All section references are to the Internal Revenue Code of 1954, as amended, unless otherwise stated.

SEC. 911. EARNED INCOME FROM SOURCES WITHOUT THE UNITED STATES.

(a) General Rule. — The following items shall not be included in gross income and shall be exempt from taxation under this subtitle:

* * *

(2) Presence in foreign country for 17 months — In the case of an individual citizen of the United States who during any period of 18 consecutive months is present in a foreign country or countries during at least 510 full days in such period, amounts received from sources without the United States (except amounts paid by the United States or any agency thereof) which constitute earned income attributable to services performed during such 18-month period. The amount excluded under this paragraph for any taxable year shall be computed by applying the special rules contained in subsection (c).

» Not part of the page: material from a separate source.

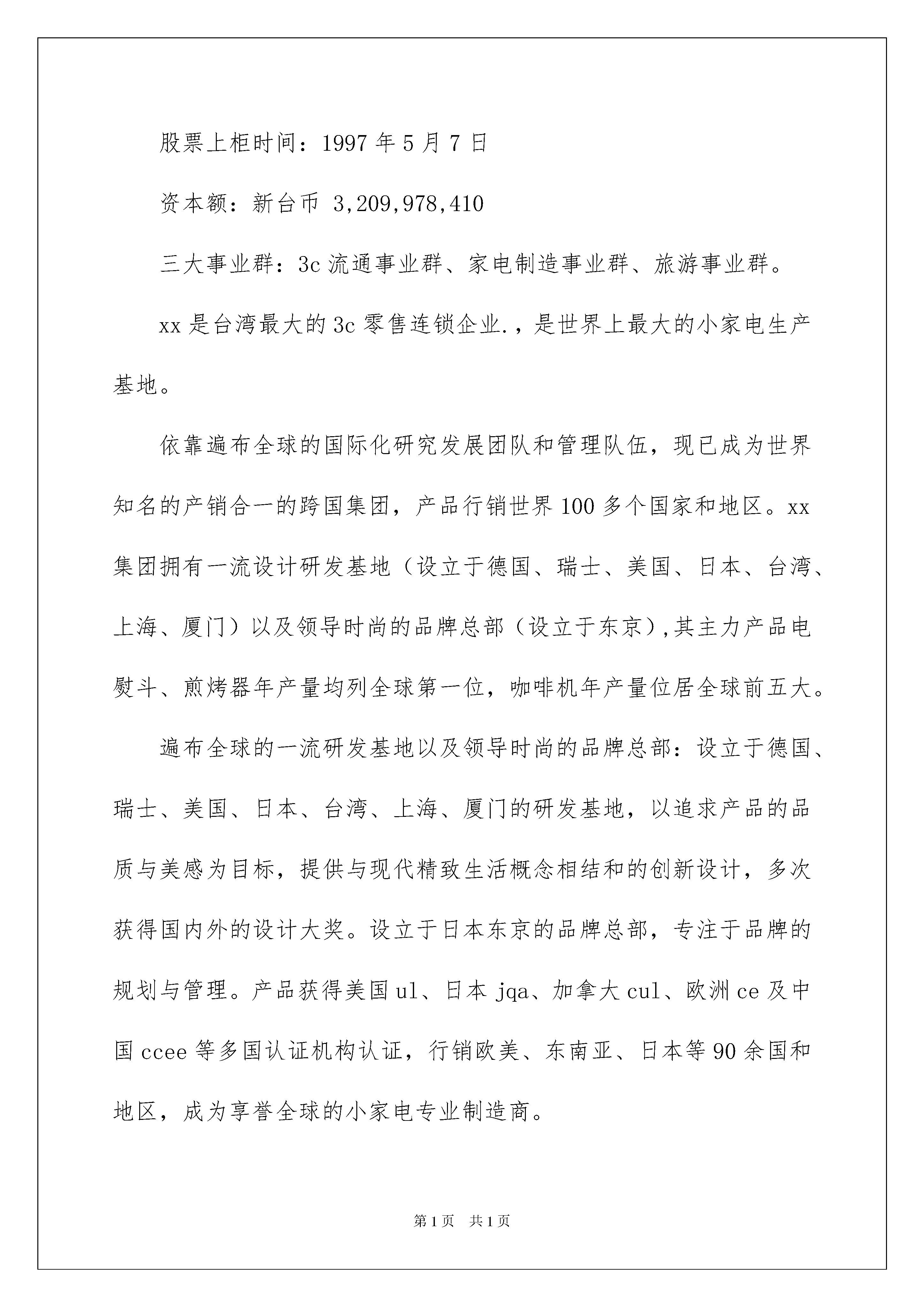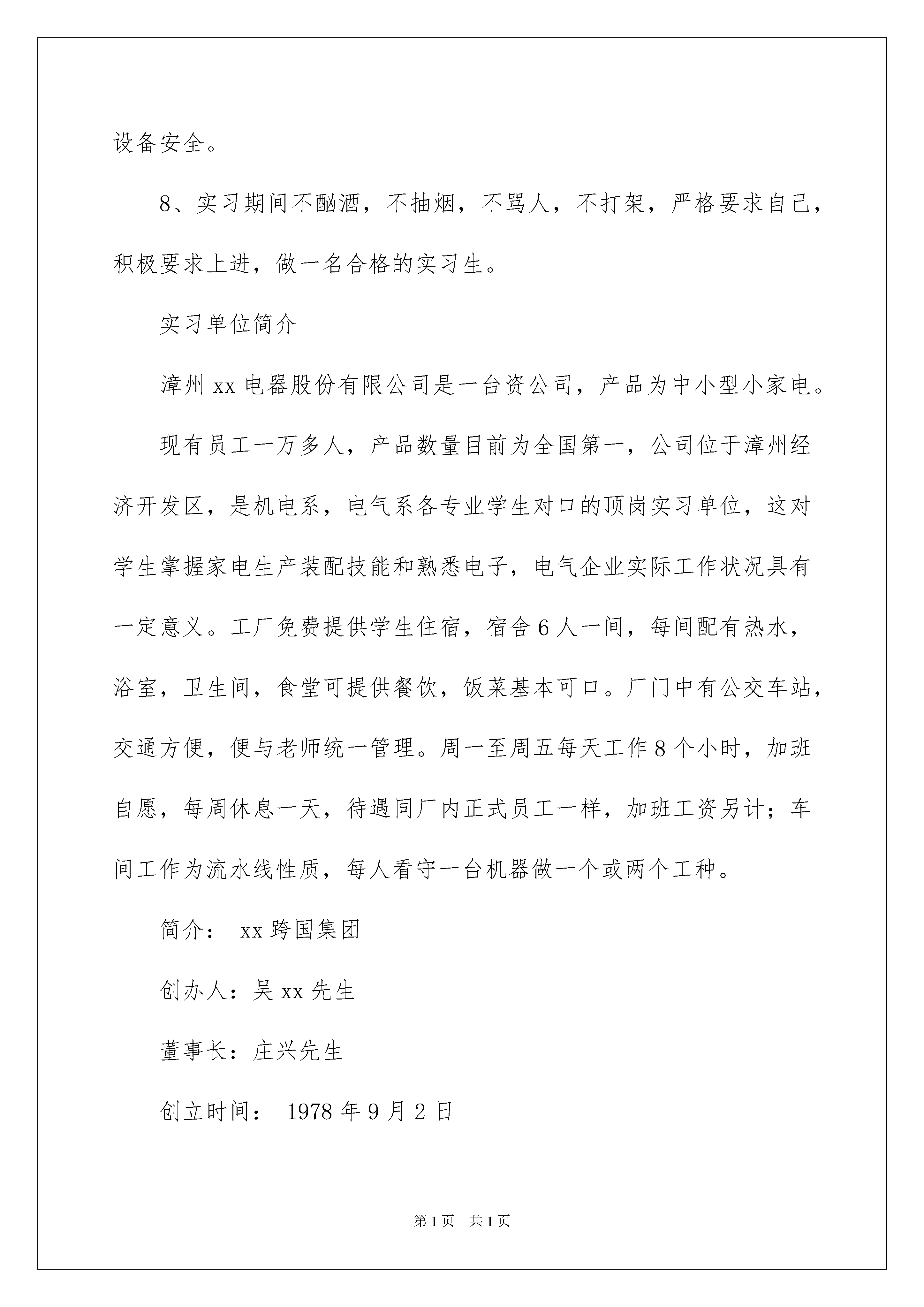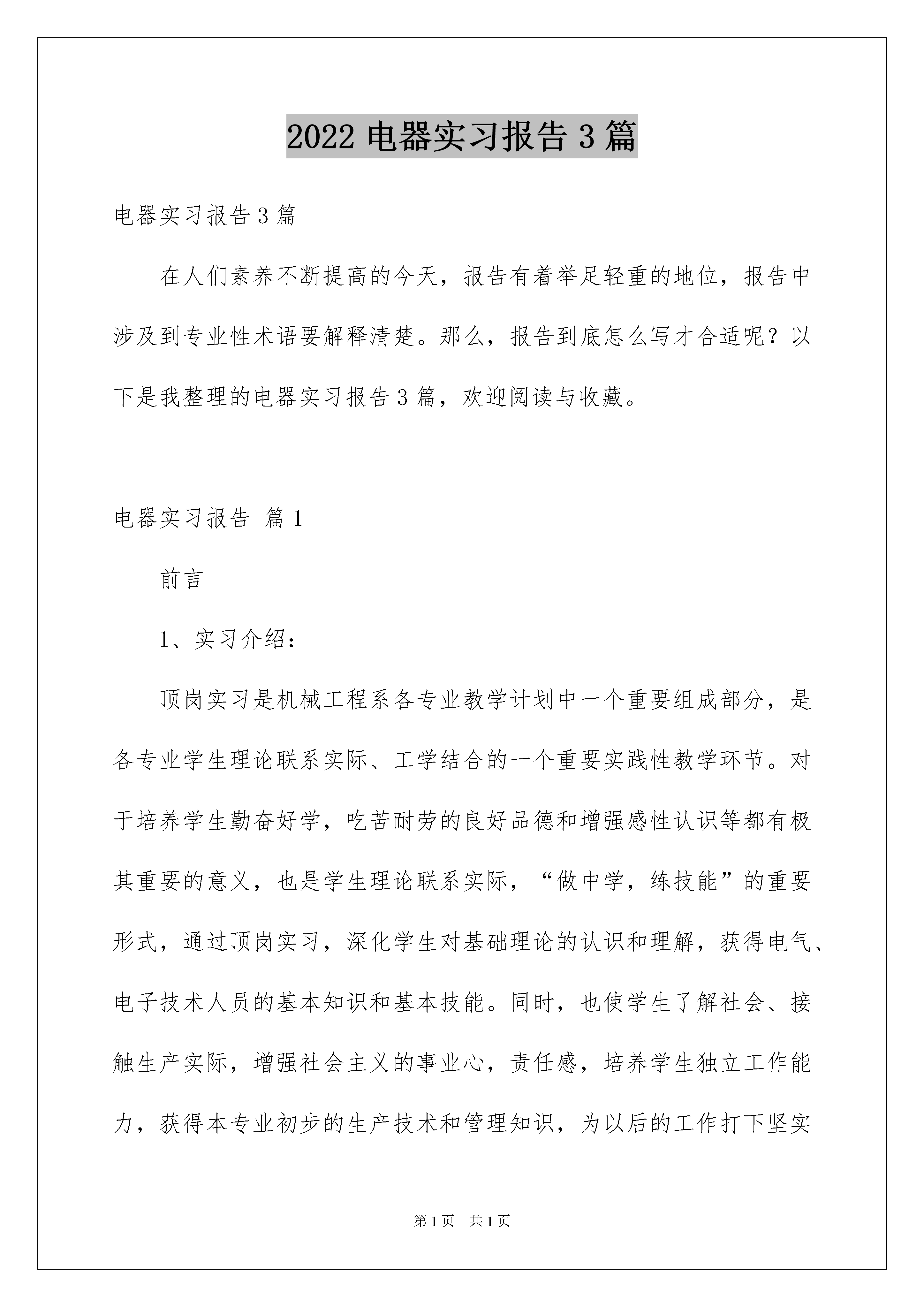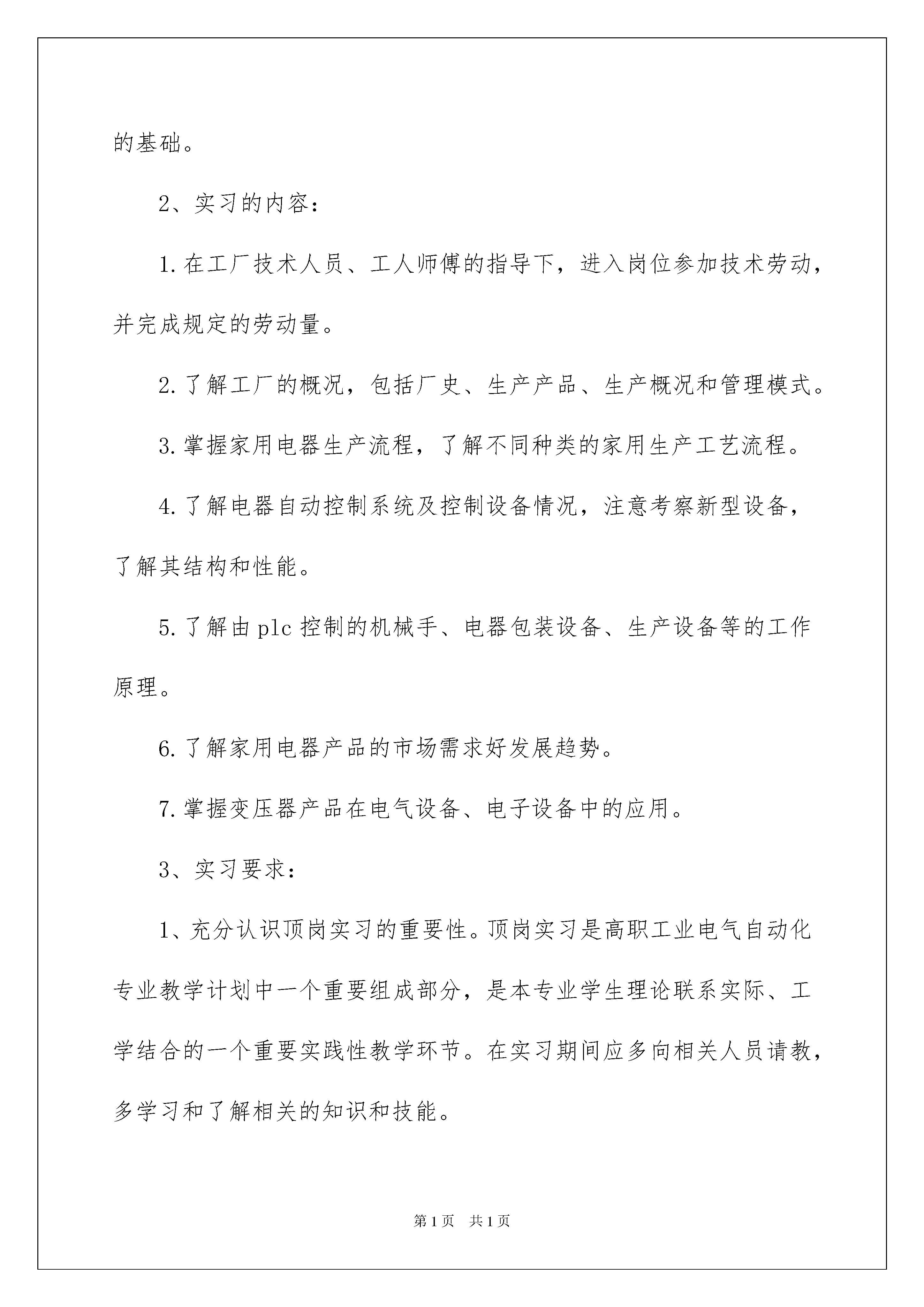 2022电器实习报告3篇电器实习报告3篇在人们素养不断提高的今天,报告有着举足轻重的地位,报告中涉及到专业性术语要解释清楚。那么,报告到底怎么写才合适呢?以下是我整理的电器实习报告3篇,欢迎阅读与收藏。电器实习报告篇1前言1、实习介绍:顶岗实习是机械工程系各专业教学计划中一个重要组成部分,是各专业学生理论联系实际、工学结合的一个重要实践性教学环节。对于培养学生勤奋好学,吃苦耐劳的良好品德和增强感性认识等都有极其重要的意义,也是学生理论联系实际,“做中学,练技能”的重要形式,通过顶岗实习,深化学生对基础理论的认识和理解,获得电气、电子技术人员的基本知识和基本技能。同时,也使学生了解社会、接触生产实际,增强社会主义的事业心,责任感,培养学生独立工作能力,获得本专业初步的生产技术和管理知识,为以后的工作打下坚实的基础。2、实习的内容:1.在工厂技术人员、工人师傅的指导下,进入岗位参加技术劳动,并完成规定的劳动量。2.了解工厂的概况,包括厂史、生产产品、生产概况和管理模式。3.掌握家用电器生产流程,了解不同种类的家用生产工艺流程。4.了解电器自动控制系统及控制设备情况,注意考察新型设备,了解其结构和性能。5.了解由plc控制的机械手、电器包装设备、生产设备等的工作原理。6.了解家用电器产品的市场需求好发展趋势。7.掌握变压器产品在电气设备、电子设备中的应用。3、实习要求:1、充分认识顶岗实习的重要性。顶岗实习是高职工业电气自动化专业教学计划中一个重要组成部分,是本专业学生理论联系实际、工学结合的一个重要实践性教学环节。在实习期间应多向相关人员请教,多学习和了解相关的知识和技能。2、要做到踏实、谦虚、认真、勤奋。实习中要主动、独立、热情地完成实习任务,注重理论与实际的紧密结合,利用所学知识为社会,为企业创造财富。3、实习期间要体现出大学生的精神文明风貌。要自尊、自爱、自强,关心集体,爱护公物,不得做有损学校、系部和个人荣誉的事。4、实习期间要有吃苦在前,享受在后的革命精神,吃苦耐劳,勇挑重担,保质保量出色地完成生产任务。5、在实习期间必须尊敬实习单位的领导和员工,主动搞好关系,按时上下班,不迟到,不早退,不得无故旷工,或擅自改变实习时间,服从安排,听从指挥,团结同事,遵守劳动纪律,遵守学校和实习单位的规章制度,注意人身及财产安全。未经实习指导老师和实习单位同意不得擅自离开实习岗位,如有违纪情况发生,将依企业及学校的有关规定严肃处理。6、实习过程中,应认真做好实习记录,每周写一篇实习周记,实习结束写一份实习总结、填写实习鉴定表,由实习单位给出实习评语并加盖实习单位公章,并由实习指导老师给出实习成绩。7、严格遵守安全操作规程,严禁违章操作;保证人身安全和财产、设备安全。8、实习期间不酗酒,不抽烟,不骂人,不打架,严格要求自己,积极要求上进,做一名合格的实习生。实习单位简介漳州xx电器股份有限公司是一台资公司,产品为中小型小家电。现有员工一万多人,产品数量目前为全国第一,公司位于漳州经济开发区,是机电系,电气系各专业学生对口的顶岗实习单位,这对学生掌握家电生产装配技能和熟悉电子,电气企业实际工作状况具有一定意义。工厂免费提供学生住宿,宿舍6人一间,每间配有热水,浴室,卫生间,食堂可提供餐饮,饭菜基本可口。厂门中有公交车站,交通方便,便与老师统一管理。周一至周五每天工作8个小时,加班自愿,每周休息一天,待遇同厂内正式员工一样,加班工资另计;车间工作为流水线性质,每人看守一台机器做一个或两个工种。简介:xx跨国集团创办人:吴xx先生董事长:庄兴先生创立时间:1978年9月2日股票上柜时间:1997年5月7日资本额:新台币3,209,978,410三大事业群:3c流通事业群、家电制造事业群、旅游事业群。xx是台湾最大的3c零售连锁企业.,是世界上最大的小家电生产基地。依靠遍布全球的国际化研究发展团队和管理队伍,现已成为世界知名的产销合一的跨国集团,产品行销世界100多个国家和地区。xx集团拥有一流设计研发基地(设立于德国、瑞士、美国、日本、台湾、上海、厦门)以及领导时尚的品牌总部(设立于东京),其主力产品电熨斗、煎烤器年产量均列全球第一位,咖啡机年产量位居全球前五大。遍布全球的一流研发基地以及领导时尚的品牌总部:设立于德国、瑞士、美国、日本、台湾、上海、厦门的研发基地,以追求产品的品质与美感为目标,提供与现代精致生活概念相结和的创新设计,多次获得国内外的设计大奖。设立于日本东京的品牌总部,专注于品牌的规划与管理。产品获得美国ul、日本jqa、加拿大cul、欧洲ce及中国ccee等多国认证机构认

AFAS, though a civilian corporation formed under the laws of the District of Columbia, is, and was in the year at bar, the official emergency relief organization of the Air Force. Four of the 15 AFAS trustees are ex officio Air Force personnel, including the Secretary of the Air Force, the Air Force Chief of Staff, the Air Force Deputy Chief of Staff (Personnel), and the Comptroller of the Air Force. Two other trustees were also ex officio: the wife of the Chief of Staff and the Director of the Air Force Aid Society. The afas director was at all times pertinent here, a retired Air Force general. Administration of afas activities at Air Force installations is performed by Air Force officers and enlisted men assigned that duty by their installation commanders, afas funds are derived in part from an annual fund-raising campaign conducted by the Air Force on its own installations and administered by Air Force officers. Moreover, it is clear that the initial request by the Air Force commanding general in Europe, for $160,800 in afas funds to start the Center, was regarded in large measure by him as a quid pro quo for money raised in the annual campaigns by Air Force personnel in Europe.

Although we note that, as per n. 4 supra, Air Force influence and control over AFAS funds, operations, and goals appear to have been substantial.

The meaning of these terms is discussed in our findings of fact.

Compare, however, Chester D. Taylor, Jr., T.C. Memo. 1971-53.

See Donald R. Dykes, T.C. Memo. 1971-266.